Given records:
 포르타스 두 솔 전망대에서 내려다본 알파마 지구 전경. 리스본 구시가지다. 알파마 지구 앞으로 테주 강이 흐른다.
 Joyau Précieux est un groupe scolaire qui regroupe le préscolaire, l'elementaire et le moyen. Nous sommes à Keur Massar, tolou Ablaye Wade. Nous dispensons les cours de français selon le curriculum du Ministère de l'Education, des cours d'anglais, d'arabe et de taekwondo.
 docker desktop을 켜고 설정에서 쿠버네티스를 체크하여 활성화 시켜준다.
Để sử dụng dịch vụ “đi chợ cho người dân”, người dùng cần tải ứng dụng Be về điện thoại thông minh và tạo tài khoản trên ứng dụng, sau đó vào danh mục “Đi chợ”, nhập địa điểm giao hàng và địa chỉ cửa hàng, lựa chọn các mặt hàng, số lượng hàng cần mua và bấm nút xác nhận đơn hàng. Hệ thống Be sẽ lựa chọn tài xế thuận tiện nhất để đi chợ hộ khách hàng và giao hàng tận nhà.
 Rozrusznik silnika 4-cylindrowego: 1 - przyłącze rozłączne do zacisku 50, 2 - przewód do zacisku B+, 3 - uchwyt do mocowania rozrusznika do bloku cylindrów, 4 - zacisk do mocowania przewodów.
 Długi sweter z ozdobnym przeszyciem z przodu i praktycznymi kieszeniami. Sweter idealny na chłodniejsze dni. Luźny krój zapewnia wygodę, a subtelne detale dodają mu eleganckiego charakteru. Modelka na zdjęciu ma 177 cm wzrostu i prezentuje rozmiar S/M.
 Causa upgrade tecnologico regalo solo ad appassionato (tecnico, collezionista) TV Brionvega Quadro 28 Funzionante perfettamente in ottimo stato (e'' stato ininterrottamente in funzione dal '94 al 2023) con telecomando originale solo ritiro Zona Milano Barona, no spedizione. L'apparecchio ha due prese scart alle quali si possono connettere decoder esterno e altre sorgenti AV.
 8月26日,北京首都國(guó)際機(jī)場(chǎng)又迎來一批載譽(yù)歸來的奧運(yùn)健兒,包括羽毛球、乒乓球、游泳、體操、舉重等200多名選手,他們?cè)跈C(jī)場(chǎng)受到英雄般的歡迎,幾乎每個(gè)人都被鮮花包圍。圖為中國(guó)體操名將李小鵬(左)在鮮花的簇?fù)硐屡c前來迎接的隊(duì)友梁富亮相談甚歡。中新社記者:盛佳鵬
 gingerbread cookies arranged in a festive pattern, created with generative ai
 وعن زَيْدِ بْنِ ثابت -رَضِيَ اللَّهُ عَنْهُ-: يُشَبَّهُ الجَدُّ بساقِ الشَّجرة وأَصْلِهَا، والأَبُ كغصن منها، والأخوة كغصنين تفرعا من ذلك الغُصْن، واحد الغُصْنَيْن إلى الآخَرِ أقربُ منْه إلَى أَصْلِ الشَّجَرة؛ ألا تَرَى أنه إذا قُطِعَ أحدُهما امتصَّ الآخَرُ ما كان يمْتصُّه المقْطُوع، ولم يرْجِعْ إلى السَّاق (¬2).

Work item: Reproduce, with no other lines, the one containing "8月26日,北京首都國(gu" and all lines after it through the end of the data above.

Written solution:
 8月26日,北京首都國(guó)際機(jī)場(chǎng)又迎來一批載譽(yù)歸來的奧運(yùn)健兒,包括羽毛球、乒乓球、游泳、體操、舉重等200多名選手,他們?cè)跈C(jī)場(chǎng)受到英雄般的歡迎,幾乎每個(gè)人都被鮮花包圍。圖為中國(guó)體操名將李小鵬(左)在鮮花的簇?fù)硐屡c前來迎接的隊(duì)友梁富亮相談甚歡。中新社記者:盛佳鵬
 gingerbread cookies arranged in a festive pattern, created with generative ai
 وعن زَيْدِ بْنِ ثابت -رَضِيَ اللَّهُ عَنْهُ-: يُشَبَّهُ الجَدُّ بساقِ الشَّجرة وأَصْلِهَا، والأَبُ كغصن منها، والأخوة كغصنين تفرعا من ذلك الغُصْن، واحد الغُصْنَيْن إلى الآخَرِ أقربُ منْه إلَى أَصْلِ الشَّجَرة؛ ألا تَرَى أنه إذا قُطِعَ أحدُهما امتصَّ الآخَرُ ما كان يمْتصُّه المقْطُوع، ولم يرْجِعْ إلى السَّاق (¬2).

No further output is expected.